In the default configuration, the DHCP server is bound to the LAN interface and assigns addresses from a single pool. Clients send requests to the CARP VIP (which serves as their default gateway), and DHCP responses come from the master node.

During failover, the DHCP server on the backup node activates and continues address assignment.
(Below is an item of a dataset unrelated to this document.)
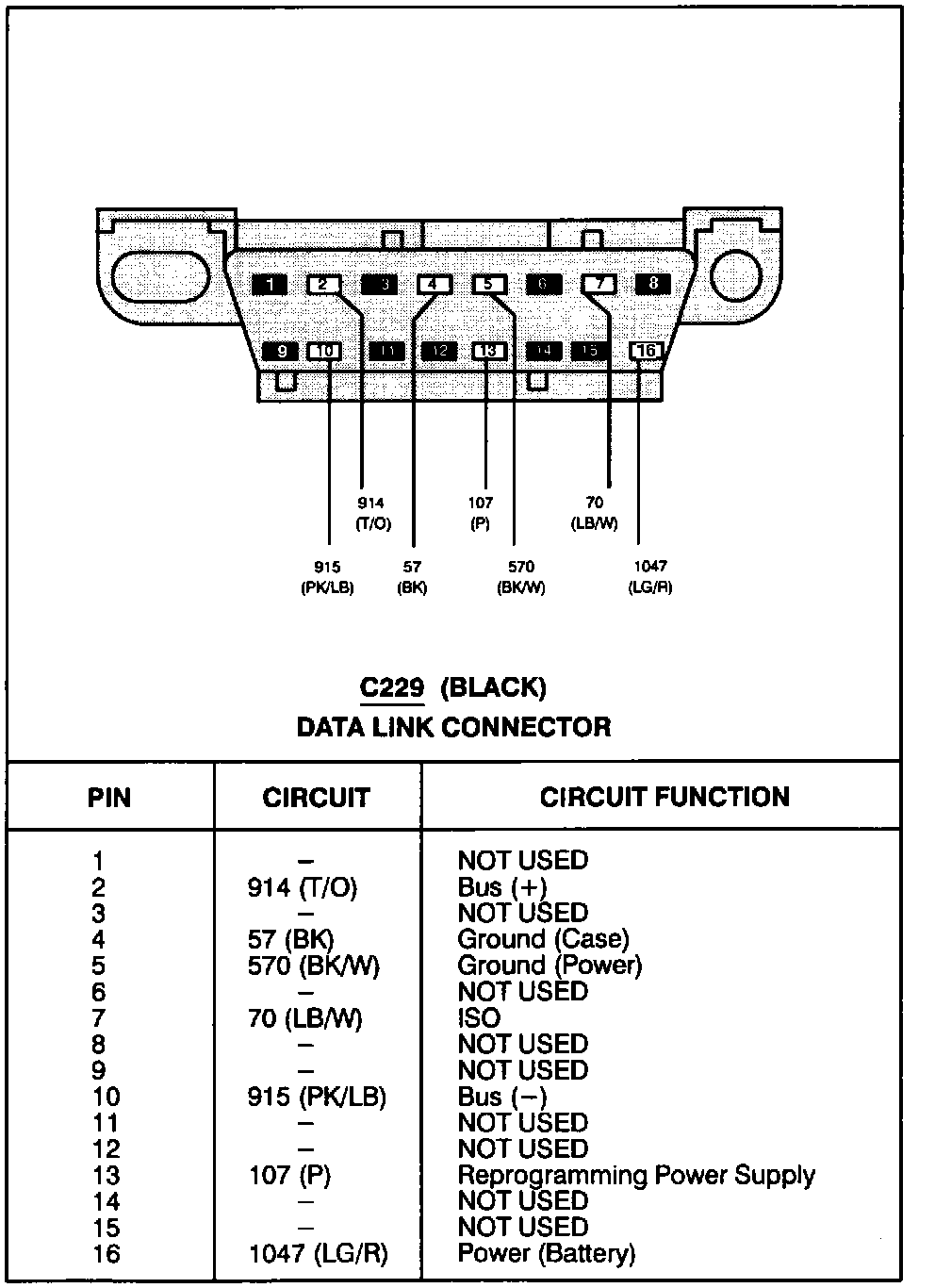 The OBD II Data Link Connector (DLC) is rectangular in design and capable of accommodating up to 16 terminals. The connector has keying features to allow easy connection. The vehicle connector and the test equipment connector have latching features that ensure the test equipment connector will remain mated when properly connected.

Since the DHCP configuration is synchronized via XMLRPC, the backup node uses the same address pool.

Preventing Conflicts

To prevent address duplication during split-brain, use one of the following strategies:

Strategy	Description	Example
Pool splitting	Each node serves a different range	Primary: .100-.199, Secondary: .200-.249
DHCP Failover Peer	ISC DHCP built-in failover mechanism	Automatic lease division
Short lease time	Minimize conflict window	1-hour lease instead of 24 hours

When splitting pools, disable DHCP Server synchronization in the XMLRPC settings and configure ranges manually on each node.

Static DHCP Mappings

Static DHCP mappings are synchronized via XMLRPC along with the rest of the DHCP configuration. These mappings do not create conflicts during split-brain because each MAC address is bound to a fixed IP address.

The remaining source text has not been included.